LawSites first reported on Saturday that Atrium had fired in-house lawyers. According to a source, Atrium lawyers learned about the changes just a week ago and tried to alert Atrium customers to working with them when they leave the company. An Atrium customer said he wasn't surprised by the changes because he got so much legal advice for just $ 500 a month. They suspected that Atrium lost money in the time of lawyers, which was much cheaper than that of competitors. They also said that these cheap legal services and not the software platform are Atrium's main attraction, and they are not sure if the technology is valuable in and of itself.

One concern is that Atrium may not know quickly which services need to be translated into software if there aren't that many lawyers in the company. However, Kan believes that third-party lawyers could be clearer and more direct about what they need from legal technology. "I think that a real market for the software you create is better than an internal market," he says. “We get feedback from external companies we work with. In a way, I think this is the most valuable feedback. I think there are a lot of wrong signals that can appear when you are both an employer and a supplier. "

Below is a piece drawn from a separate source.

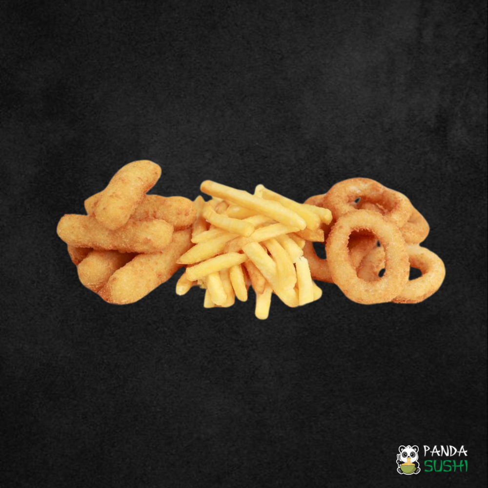 6 луковых колец, 6 сырных палочек, 100гр картофель фри

Correcting the course before it got bigger was critical for Atrium, as fundraising problems with startups with poor economic results were a result of the WeWork debacle and SoftBank problems. Atrium had collected a $ 10.5 million Series A in 2017, which was led by General Catalyst together with Kleiner, Founders Fund, Initialized and Kindred Ventures. In September 2018, it generated a huge $ 65 million Series B, led by Andresseen Horowitz.

It would have been impossible to make even bigger rounds if Atrium had offered advice with lawyers well below the market price. Now it could be a better position to attract funding. However, the question is whether clients will stay with Atrium if they get less access to a lawyer for the same price, and if the collaboration platform is useful enough for outside law firms to pay for it.

Kan had had heavy pivots in the past. He had a camera strapped on his head to create content for his live streaming startup, but wisely focused on the 3% of users who watched video games. was sold to Twitch and eventually sold to Amazon for $ 970 million. His on-call personal assistant, Exec, had to switch to cleaning in 2013 before being shut down for economic reasons.

Instead of denying the inevitable and waiting until the last minute, Atrium Kan tried to make the difficult decision early.